## The task
Output every entry below exactly, without its pictures.

## Exercise input
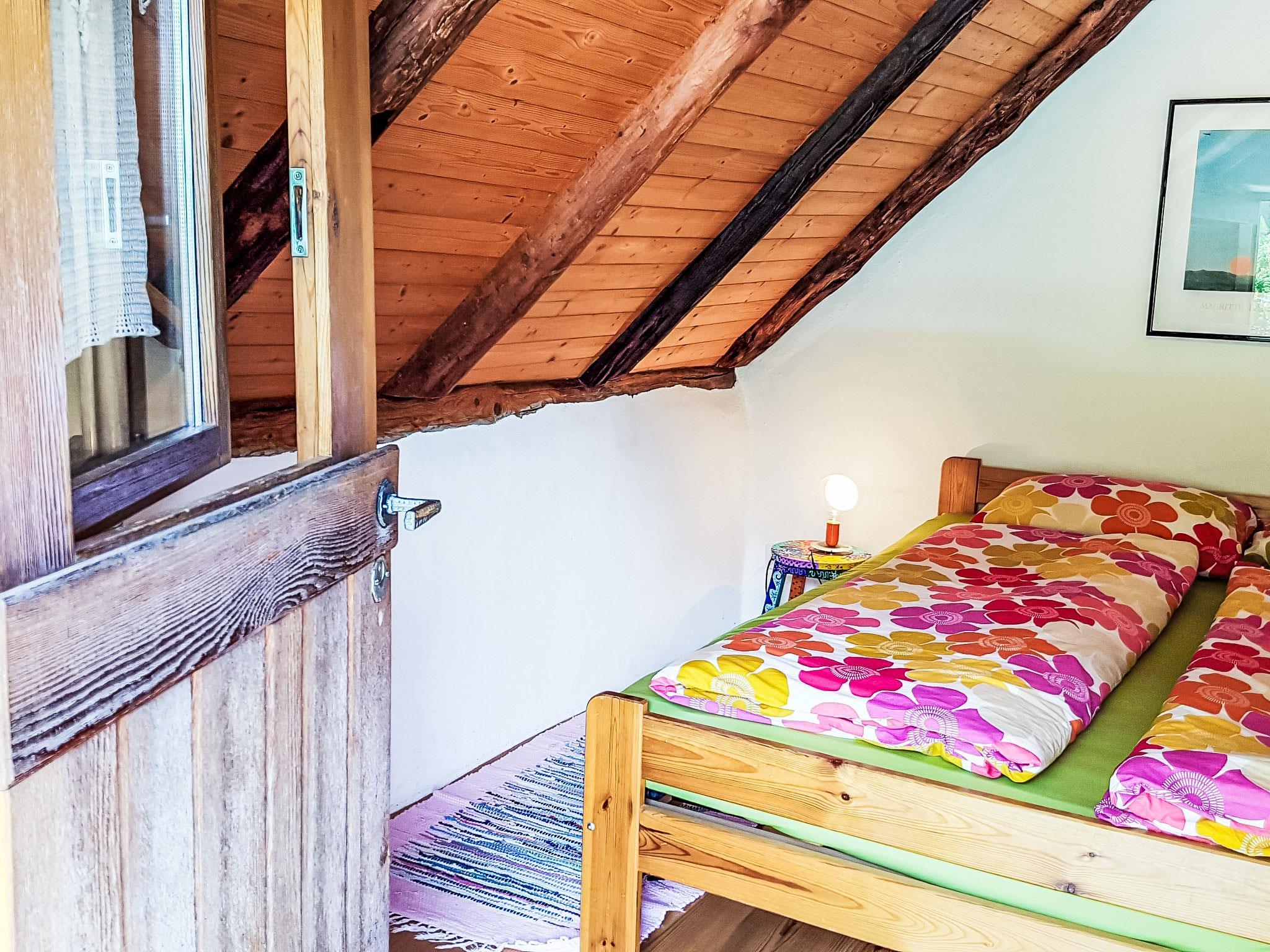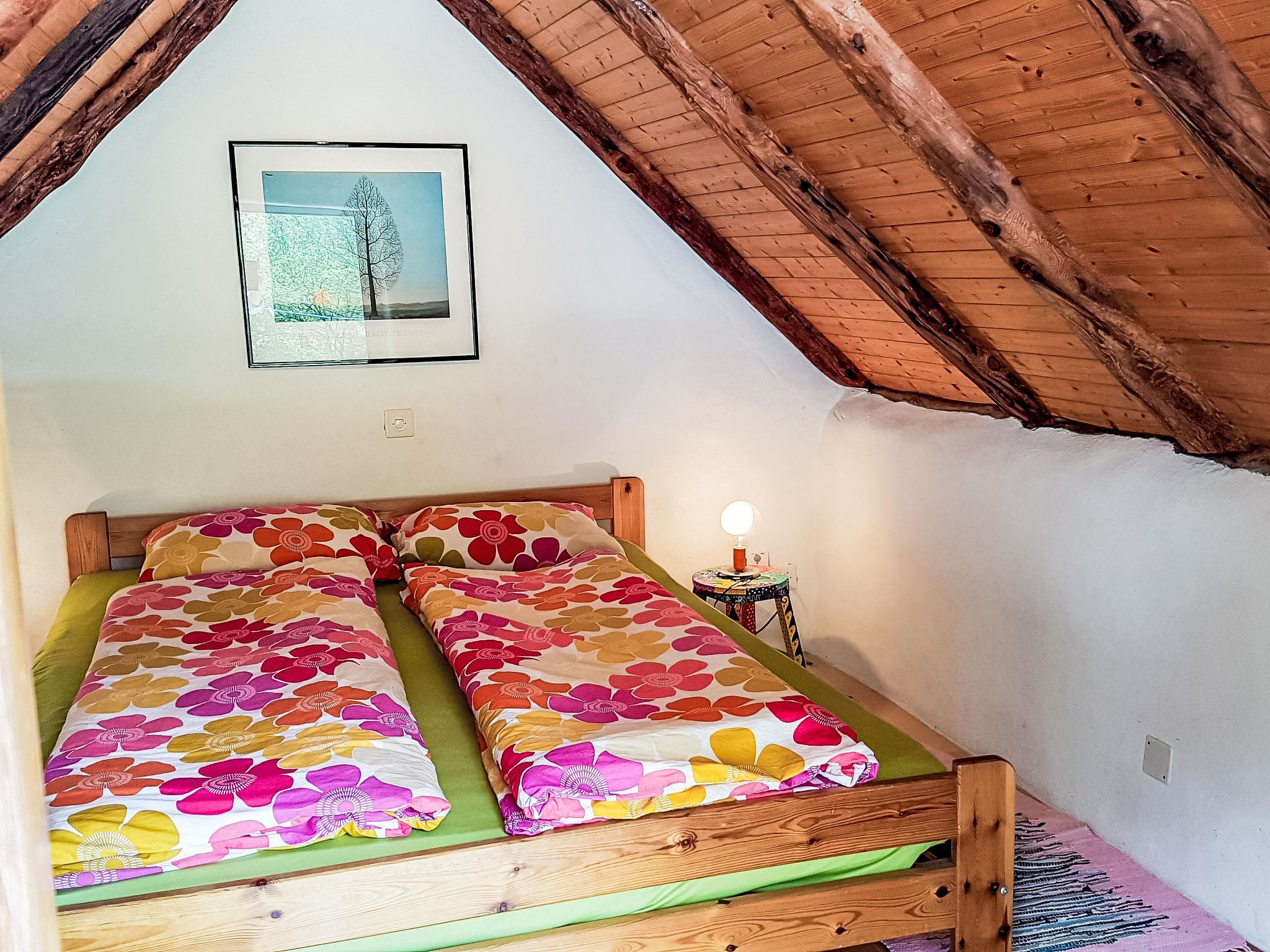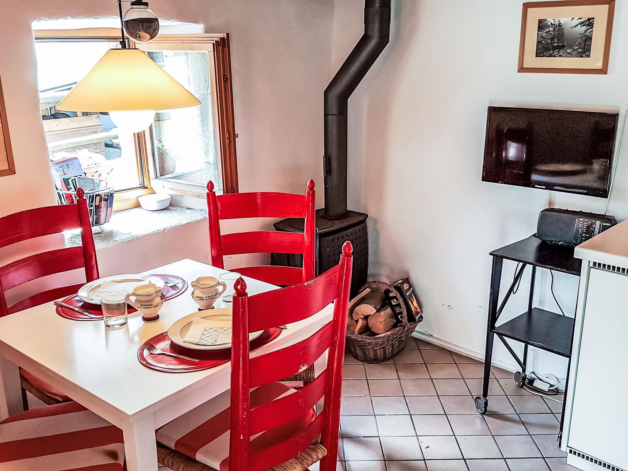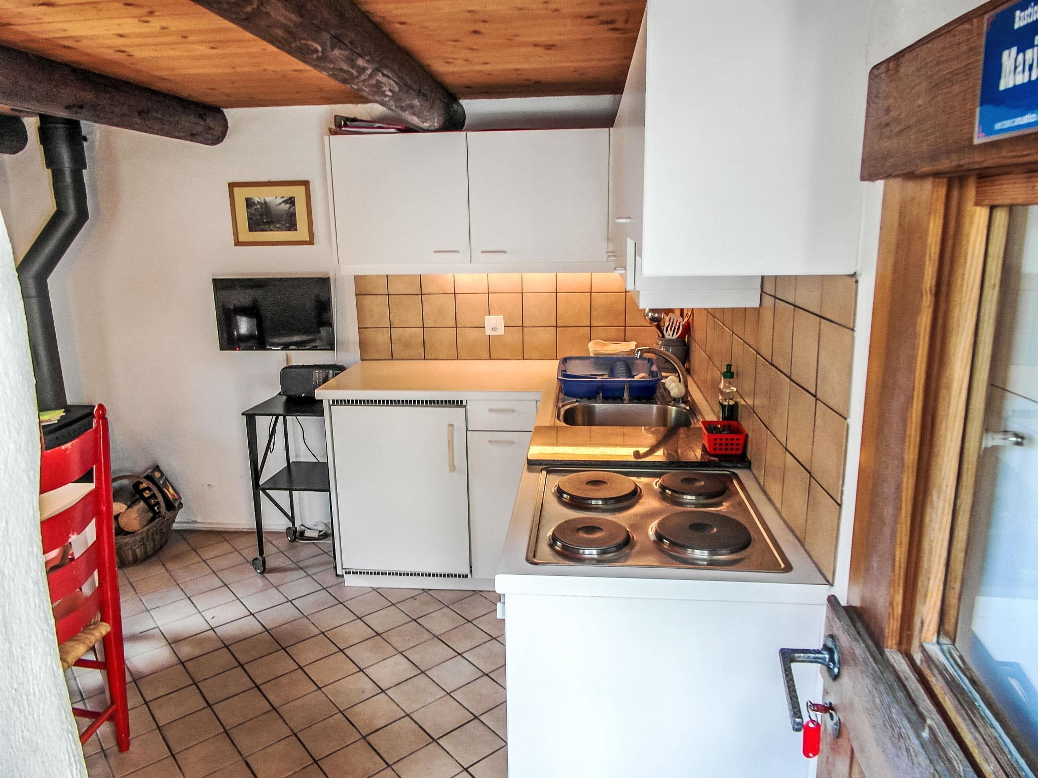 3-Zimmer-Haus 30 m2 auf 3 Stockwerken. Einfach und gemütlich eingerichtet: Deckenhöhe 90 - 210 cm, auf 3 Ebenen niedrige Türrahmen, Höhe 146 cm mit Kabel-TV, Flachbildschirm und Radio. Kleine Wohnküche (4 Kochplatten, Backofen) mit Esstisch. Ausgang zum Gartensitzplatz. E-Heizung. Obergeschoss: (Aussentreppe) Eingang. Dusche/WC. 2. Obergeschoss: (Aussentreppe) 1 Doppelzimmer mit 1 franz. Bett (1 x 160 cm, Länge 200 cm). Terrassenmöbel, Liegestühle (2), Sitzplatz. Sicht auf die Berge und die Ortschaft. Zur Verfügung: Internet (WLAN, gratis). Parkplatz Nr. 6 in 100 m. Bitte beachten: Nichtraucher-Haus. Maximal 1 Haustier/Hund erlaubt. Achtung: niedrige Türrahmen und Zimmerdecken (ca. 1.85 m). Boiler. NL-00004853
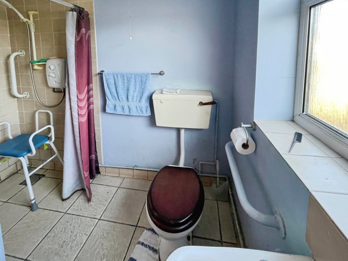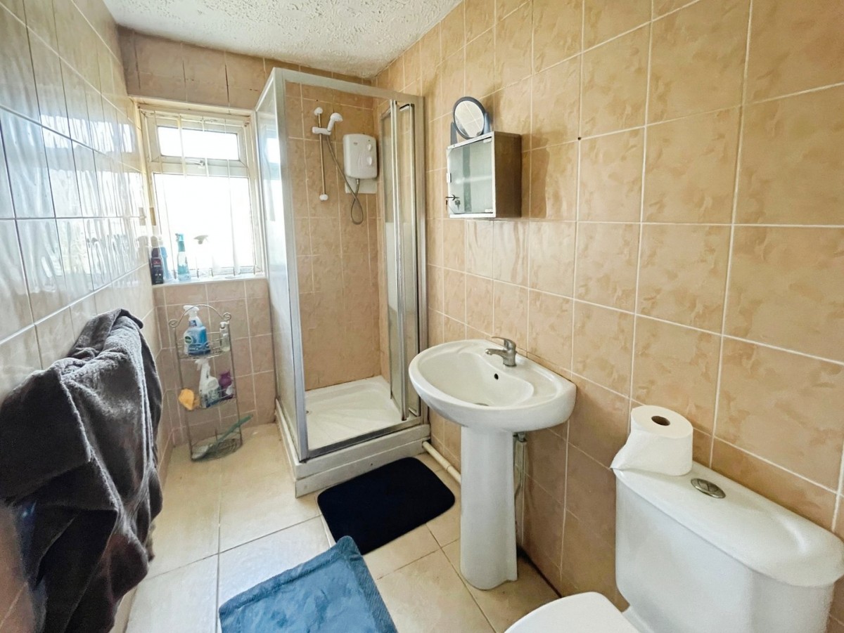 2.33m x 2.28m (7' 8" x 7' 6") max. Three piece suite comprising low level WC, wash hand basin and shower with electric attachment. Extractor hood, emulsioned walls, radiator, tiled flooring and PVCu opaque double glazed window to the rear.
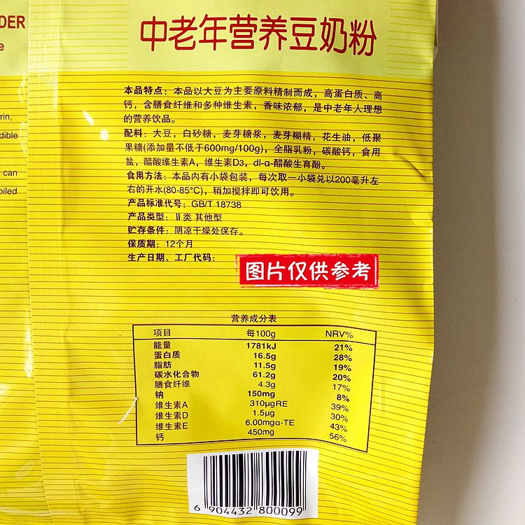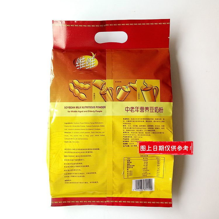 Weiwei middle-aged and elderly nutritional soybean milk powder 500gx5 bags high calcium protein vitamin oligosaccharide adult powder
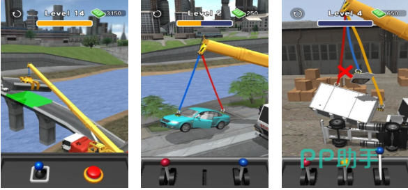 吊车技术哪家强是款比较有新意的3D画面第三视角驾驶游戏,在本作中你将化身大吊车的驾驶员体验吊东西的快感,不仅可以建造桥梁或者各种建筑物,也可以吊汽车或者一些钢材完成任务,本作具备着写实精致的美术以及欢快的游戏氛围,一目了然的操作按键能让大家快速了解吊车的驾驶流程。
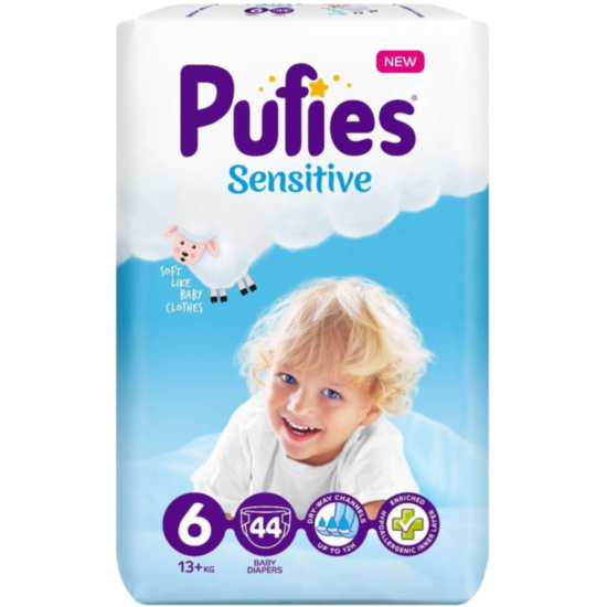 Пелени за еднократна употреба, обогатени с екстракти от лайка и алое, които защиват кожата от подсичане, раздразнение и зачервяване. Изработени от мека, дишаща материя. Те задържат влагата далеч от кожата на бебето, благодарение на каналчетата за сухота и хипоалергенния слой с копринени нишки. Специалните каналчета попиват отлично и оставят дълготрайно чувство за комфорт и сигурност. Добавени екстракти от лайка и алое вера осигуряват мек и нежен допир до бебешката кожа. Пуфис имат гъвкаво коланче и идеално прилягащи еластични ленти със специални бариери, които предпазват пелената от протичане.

## Expected answer
 3-Zimmer-Haus 30 m2 auf 3 Stockwerken. Einfach und gemütlich eingerichtet: Deckenhöhe 90 - 210 cm, auf 3 Ebenen niedrige Türrahmen, Höhe 146 cm mit Kabel-TV, Flachbildschirm und Radio. Kleine Wohnküche (4 Kochplatten, Backofen) mit Esstisch. Ausgang zum Gartensitzplatz. E-Heizung. Obergeschoss: (Aussentreppe) Eingang. Dusche/WC. 2. Obergeschoss: (Aussentreppe) 1 Doppelzimmer mit 1 franz. Bett (1 x 160 cm, Länge 200 cm). Terrassenmöbel, Liegestühle (2), Sitzplatz. Sicht auf die Berge und die Ortschaft. Zur Verfügung: Internet (WLAN, gratis). Parkplatz Nr. 6 in 100 m. Bitte beachten: Nichtraucher-Haus. Maximal 1 Haustier/Hund erlaubt. Achtung: niedrige Türrahmen und Zimmerdecken (ca. 1.85 m). Boiler. NL-00004853
 2.33m x 2.28m (7' 8" x 7' 6") max. Three piece suite comprising low level WC, wash hand basin and shower with electric attachment. Extractor hood, emulsioned walls, radiator, tiled flooring and PVCu opaque double glazed window to the rear.
 Weiwei middle-aged and elderly nutritional soybean milk powder 500gx5 bags high calcium protein vitamin oligosaccharide adult powder
 吊车技术哪家强是款比较有新意的3D画面第三视角驾驶游戏,在本作中你将化身大吊车的驾驶员体验吊东西的快感,不仅可以建造桥梁或者各种建筑物,也可以吊汽车或者一些钢材完成任务,本作具备着写实精致的美术以及欢快的游戏氛围,一目了然的操作按键能让大家快速了解吊车的驾驶流程。
 Пелени за еднократна употреба, обогатени с екстракти от лайка и алое, които защиват кожата от подсичане, раздразнение и зачервяване. Изработени от мека, дишаща материя. Те задържат влагата далеч от кожата на бебето, благодарение на каналчетата за сухота и хипоалергенния слой с копринени нишки. Специалните каналчета попиват отлично и оставят дълготрайно чувство за комфорт и сигурност. Добавени екстракти от лайка и алое вера осигуряват мек и нежен допир до бебешката кожа. Пуфис имат гъвкаво коланче и идеално прилягащи еластични ленти със специални бариери, които предпазват пелената от протичане.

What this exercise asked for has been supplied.